Finally, the MFC provides for the possibility that the MFC may conflict with the Letter Agreement and Option Agreement. The MFC says that it is not intended to "interfere with or otherwise conflict with the rights granted to P&W under the P&W Option. In the event that it is determined that there is such a conflict, then the P&W Option shall govern, and the parties to this Contract will renegotiate the term, provision, agreement or condition that is in conflict so as to achieve as nearly as possible the purpose and intent of this Contract." (Doc. 26-8, p. 16). During the course of Jack's negotiations with Khosla, he explained that he "had obligations under the option that [he] had to meet those obligations and that [he] couldn't do anything that would cause [him] to violate the option agreement." (Jack 6/24/08 Depo., Volume I, p. 614).
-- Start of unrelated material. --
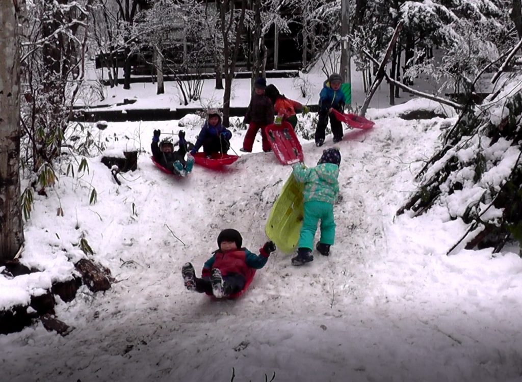 木々が芽吹き小鳥さえずるなか シャベルを手に泥んこ遊び

The MFC also includes an indemnity provision, in which BioFuels agrees to indemnify the Boykin defendants from certain claims P&W might allege. (Doc. 26-8, p. 16). P&W employees exchanged e-mails on September 24, 2007, indicating that P&W wants "to block [Jack's] plans to buddy up with Khosla." (Doc. 335-8). They recognized that there might be some benefits with having Khosla on the project, so they contemplated "focusing on how to make the deal better rather than how to trash it." (Doc. 335-8). On September 26, 2007, P&W's legal counsel sent a letter to BioFuels, asserting that the MFC violated P&W's agreements with Cello and expressing P&W's interest in protecting its contractual benefits with Cello. (Doc. 335-4). On October 9, 2007, BioFuels filed a declaratory judgment action in the United States District Court for the Southern District of New York, seeking a declaration that the MFC did not violate the Option Agreement. (Doc. 301-4, pp. 2-6). P&W did not learn that the MFC was signed until October 10, 2007. (Landegger 11/19/07 Preliminary Injunction Testimony, p. 74).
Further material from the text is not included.